_Problem:_ Up to and including the line with "Be the first", restate every line of the records below word for word, from the first line on, leaving out the pictures.

*** Source material ***

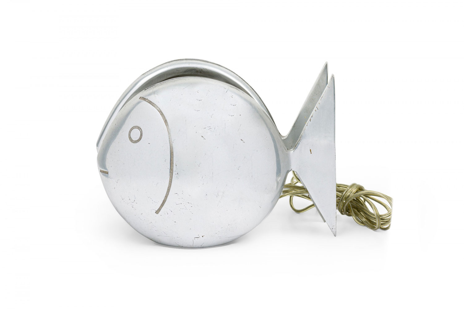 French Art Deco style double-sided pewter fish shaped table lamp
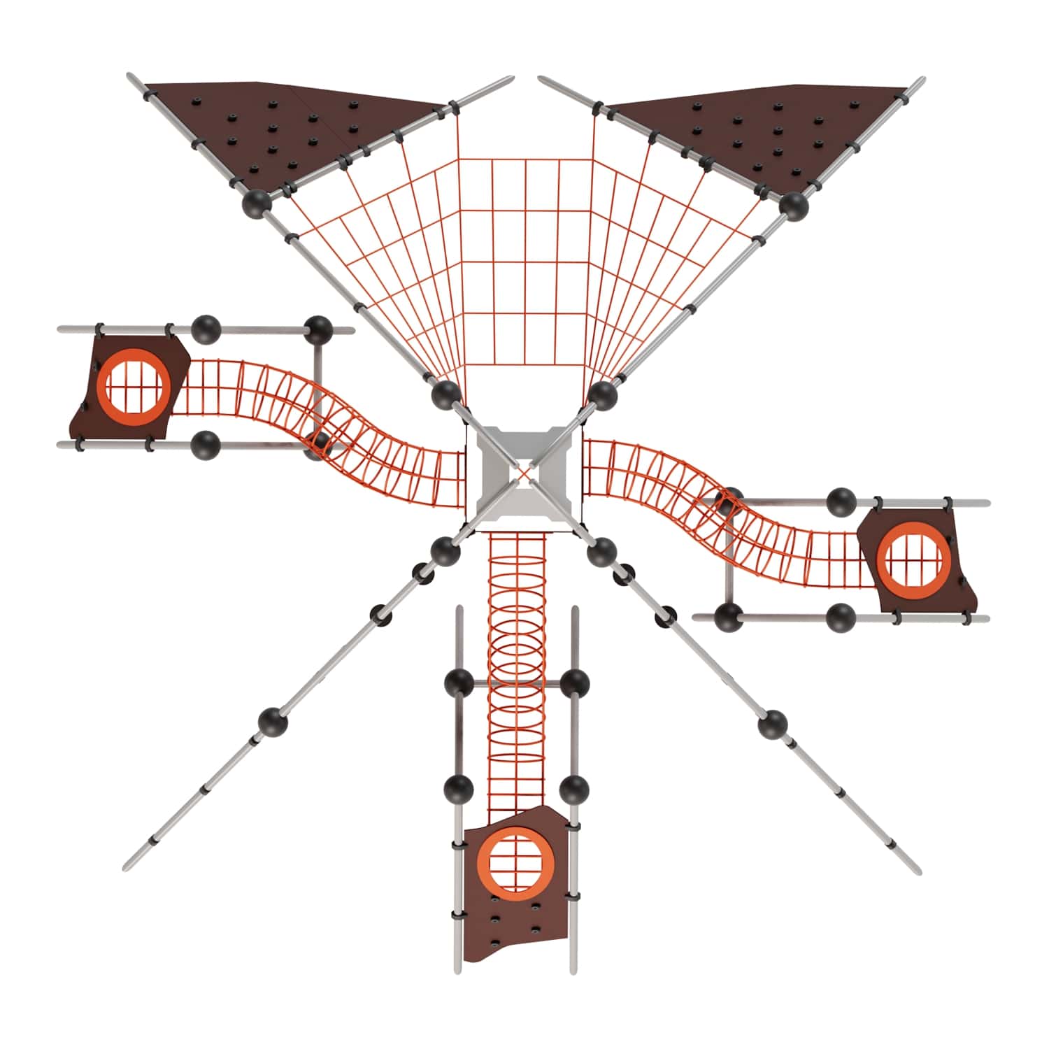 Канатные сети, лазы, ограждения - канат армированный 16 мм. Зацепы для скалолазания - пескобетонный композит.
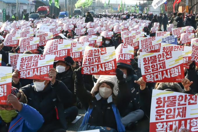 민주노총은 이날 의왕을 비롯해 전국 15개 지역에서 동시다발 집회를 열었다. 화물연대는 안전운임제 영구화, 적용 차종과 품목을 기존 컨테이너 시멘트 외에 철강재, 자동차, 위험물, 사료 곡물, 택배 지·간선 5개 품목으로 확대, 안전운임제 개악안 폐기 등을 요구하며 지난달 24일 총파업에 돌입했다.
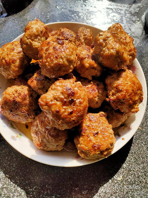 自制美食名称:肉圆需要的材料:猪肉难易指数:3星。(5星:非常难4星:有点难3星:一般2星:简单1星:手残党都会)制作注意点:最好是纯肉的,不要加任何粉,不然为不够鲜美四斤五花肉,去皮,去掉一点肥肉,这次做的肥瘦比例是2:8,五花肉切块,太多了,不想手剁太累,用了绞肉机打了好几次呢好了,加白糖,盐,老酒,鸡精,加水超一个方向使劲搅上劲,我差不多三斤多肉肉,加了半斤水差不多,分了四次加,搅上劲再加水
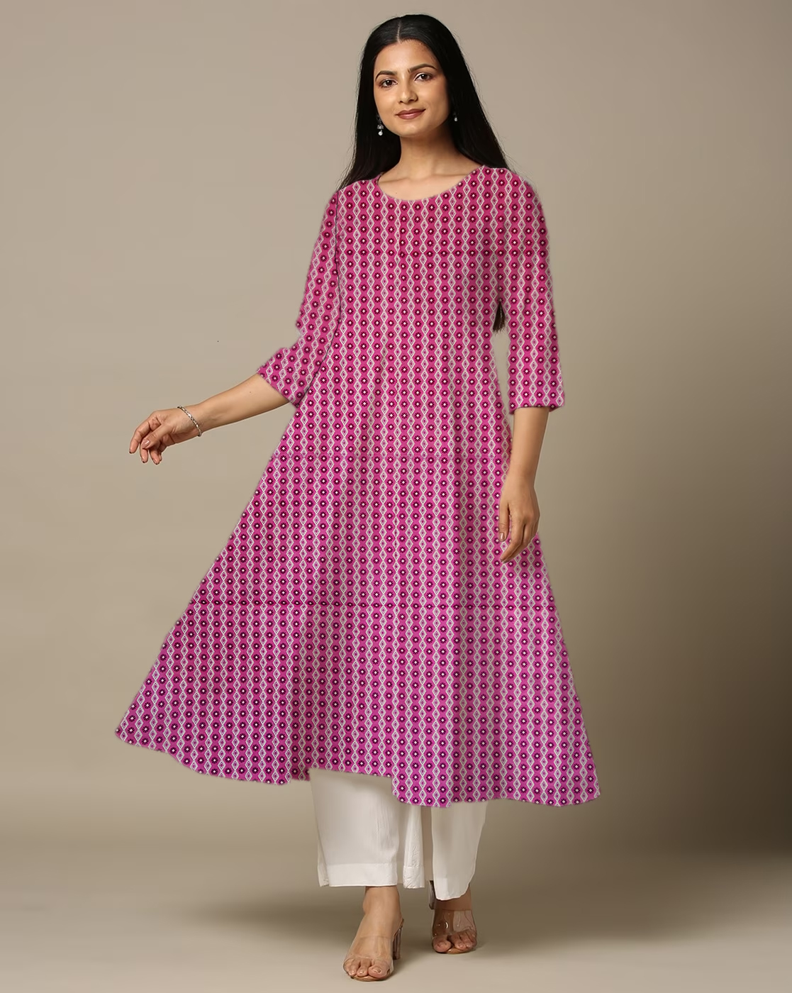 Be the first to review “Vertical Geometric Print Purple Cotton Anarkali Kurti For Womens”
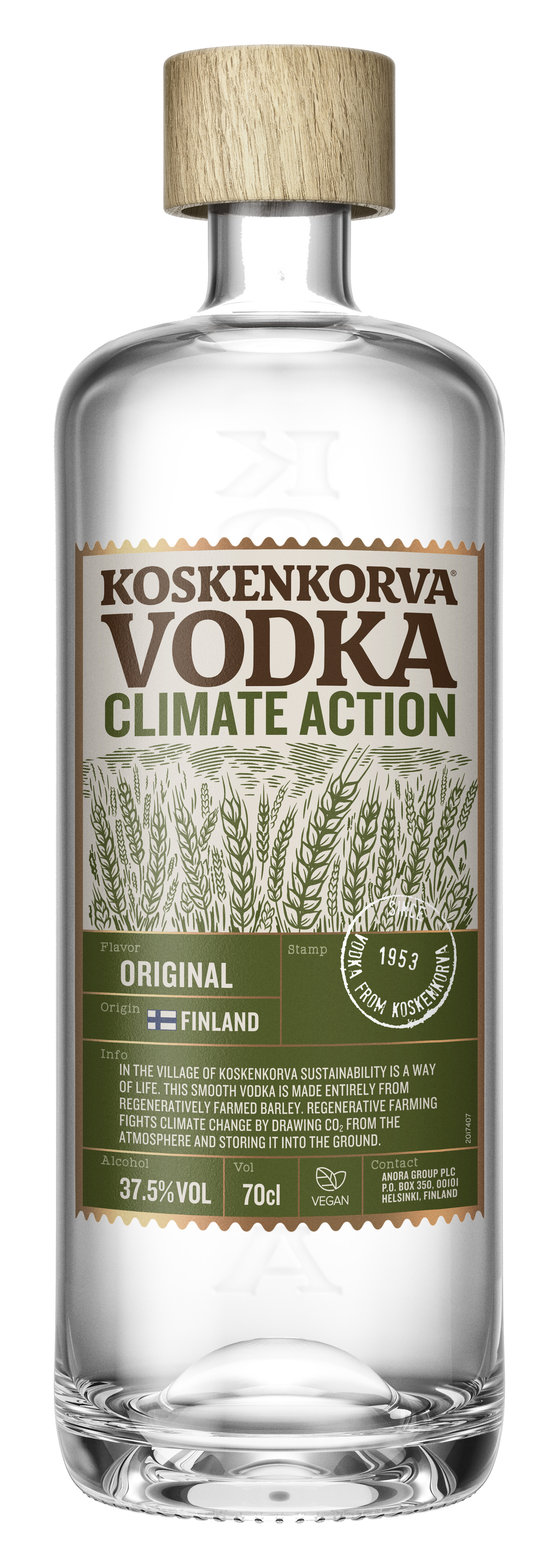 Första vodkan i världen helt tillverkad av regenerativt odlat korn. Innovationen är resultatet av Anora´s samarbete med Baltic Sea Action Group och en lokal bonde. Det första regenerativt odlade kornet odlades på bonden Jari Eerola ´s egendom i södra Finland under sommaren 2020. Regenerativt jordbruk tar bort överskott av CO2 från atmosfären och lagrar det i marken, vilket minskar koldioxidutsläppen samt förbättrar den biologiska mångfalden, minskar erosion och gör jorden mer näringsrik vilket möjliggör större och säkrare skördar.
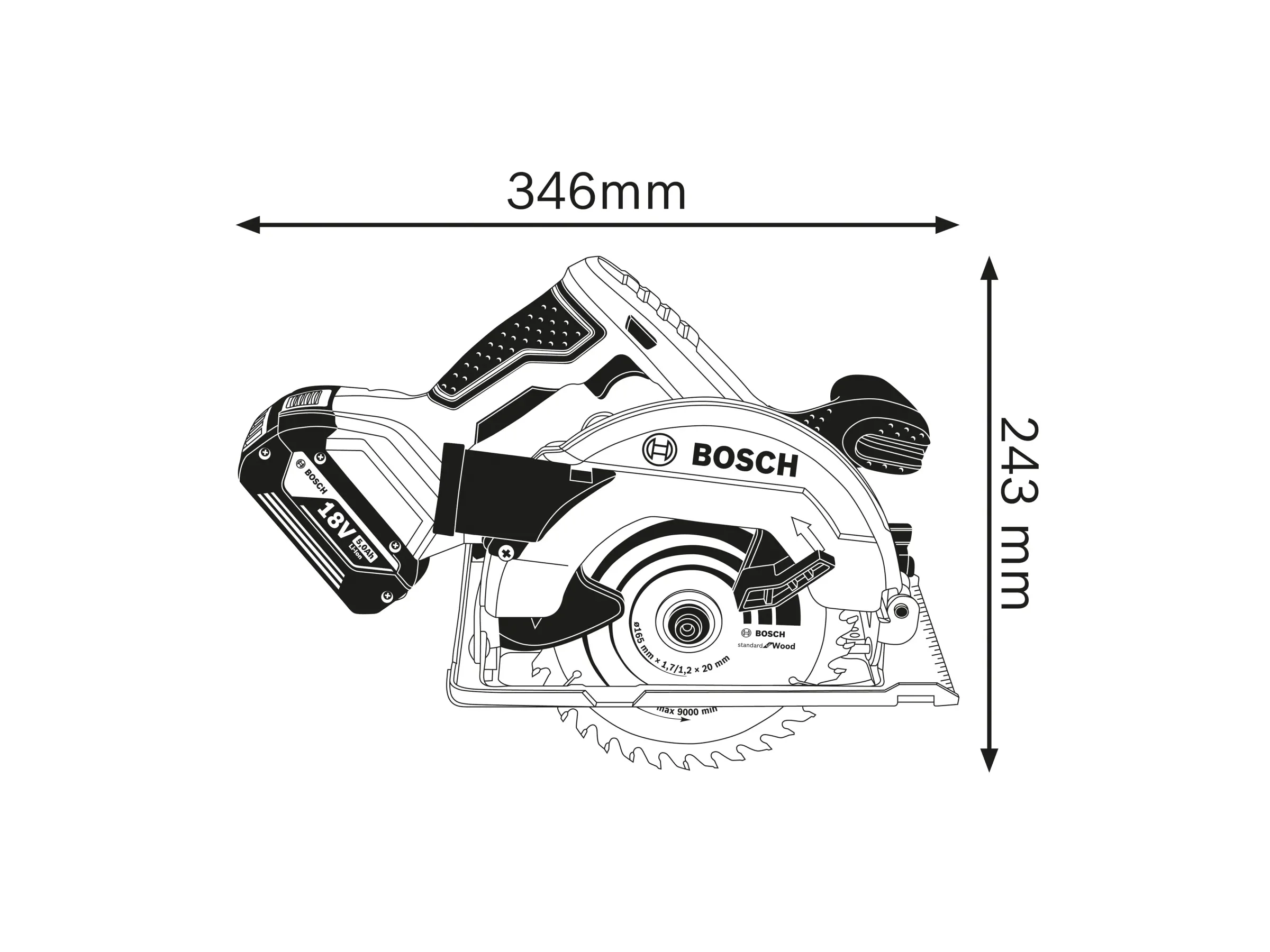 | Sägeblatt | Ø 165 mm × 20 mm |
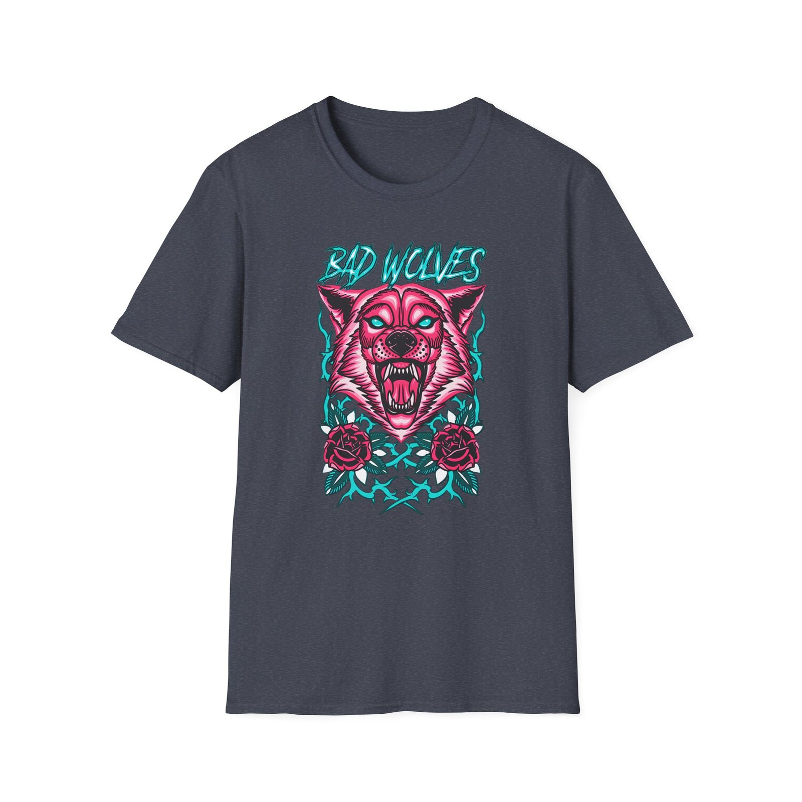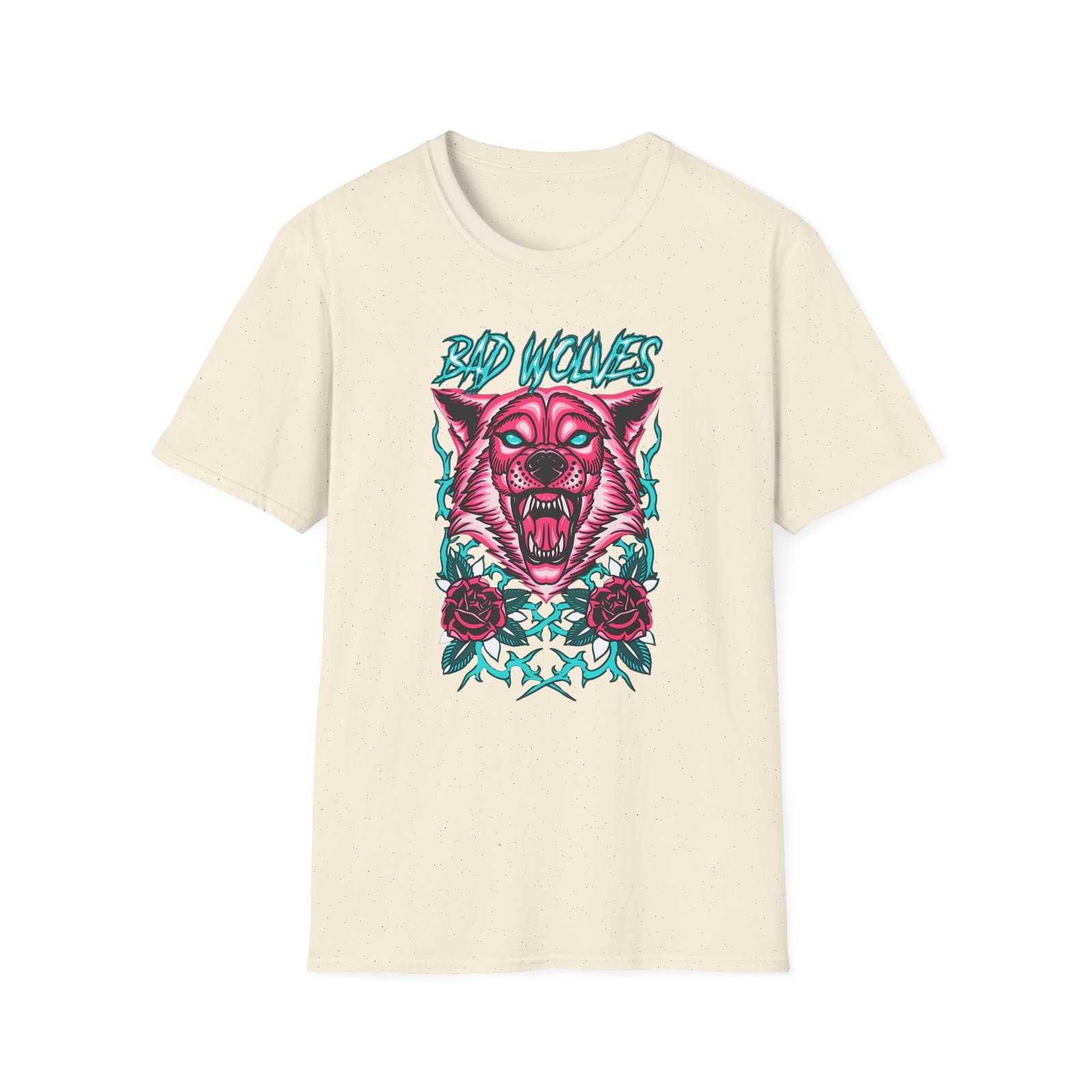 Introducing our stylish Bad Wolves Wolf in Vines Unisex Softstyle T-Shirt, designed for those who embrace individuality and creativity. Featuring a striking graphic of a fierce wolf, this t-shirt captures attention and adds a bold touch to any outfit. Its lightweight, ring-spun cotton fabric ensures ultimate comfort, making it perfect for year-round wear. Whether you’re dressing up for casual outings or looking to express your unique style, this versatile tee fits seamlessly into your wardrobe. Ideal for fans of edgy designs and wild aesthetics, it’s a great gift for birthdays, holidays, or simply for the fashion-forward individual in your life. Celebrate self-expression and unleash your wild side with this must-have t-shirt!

*** End of Source material ***

_Reply:_
 French Art Deco style double-sided pewter fish shaped table lamp
 Канатные сети, лазы, ограждения - канат армированный 16 мм. Зацепы для скалолазания - пескобетонный композит.
 민주노총은 이날 의왕을 비롯해 전국 15개 지역에서 동시다발 집회를 열었다. 화물연대는 안전운임제 영구화, 적용 차종과 품목을 기존 컨테이너 시멘트 외에 철강재, 자동차, 위험물, 사료 곡물, 택배 지·간선 5개 품목으로 확대, 안전운임제 개악안 폐기 등을 요구하며 지난달 24일 총파업에 돌입했다.
 自制美食名称:肉圆需要的材料:猪肉难易指数:3星。(5星:非常难4星:有点难3星:一般2星:简单1星:手残党都会)制作注意点:最好是纯肉的,不要加任何粉,不然为不够鲜美四斤五花肉,去皮,去掉一点肥肉,这次做的肥瘦比例是2:8,五花肉切块,太多了,不想手剁太累,用了绞肉机打了好几次呢好了,加白糖,盐,老酒,鸡精,加水超一个方向使劲搅上劲,我差不多三斤多肉肉,加了半斤水差不多,分了四次加,搅上劲再加水
 Be the first to review “Vertical Geometric Print Purple Cotton Anarkali Kurti For Womens”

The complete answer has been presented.